Published online May 6, 2022. doi: 10.12998/wjcc.v10.i13.4214
Peer-review started: September 11, 2021
First decision: October 25, 2021
Revised: November 3, 2021
Accepted: March 15, 2022
Article in press: March 15, 2022
Published online: May 6, 2022
Processing time: 230 Days and 16.5 Hours
Myocardial calcification is a rare complication in critically ill patients. The prognosis of myocardial calcifications in critically ill patients is very poor if not treated in a timely manner. We describe a rare case of acute extensive myocardial calcifications due to acute myocarditis after receiving extracorporeal membrane oxygenation (ECMO) support.

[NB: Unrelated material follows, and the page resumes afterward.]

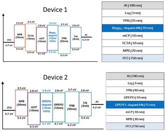 The device substrate was made by using an ITO (indium tin oxide) with the thickness of 150 nm. Then substrate was subjected to ultra-sonication with isopropyl alcohol and deionized water, followed by ultraviolet and ozone treatment. Further device fabrication continued as follow: 4,4′-bis(N-phenyl-1-naphthylamino)biphenyl (NPB) was used as hole transporting material (HTM), 1,3-bis(N-carbazolyl)benzene (mCP) was used for exciton blocking layer, bis[2-(diphenylphosphino)phenyl] ether oxide (DPEPO) and bis[2-(2-pyridinyl)phenolato]beryllium(II) (Bepp2) host materials doped with 6% fluorescence emitters, 2,2′,2″-(1,3,5-benzinetriyl)-tris(1-phenyl-1-H-benzimidazole) (TPBI) was electron transporting material, 8-quinolinolato lithium (Liq) used for hole injecting material and aluminium was used for cathode with thickness of 100 nm. All organic layers were deposited by thermal evaporating system under 5 × 10−7 torr pressure (Sunicel plus, Seoul, Republic of Korea). The active area of the devices were 2 mm × 2 mm.

We report a 17-year-old male patient who developed extensive myocardial calcifications while receiving prolonged ECMO support for severe myocarditis and cardiogenic shock. Extensive myocardial calcifications were confirmed by chest computed tomography (CT). Myocardial calcifications were observed in the left ventricle walls on CT examination 10 days after admission. The patient was then discharged with heart function class II on the NYHA classification. Two years later, the patient was still alive with adequate quality of life. We then included this patient and 7 other cases retrieved from the PubMed, Cochrane Library, EMBASE, and MEDLINE databases in our study, in order to provide a reference for the clinical diagnosis and treatment of this disease.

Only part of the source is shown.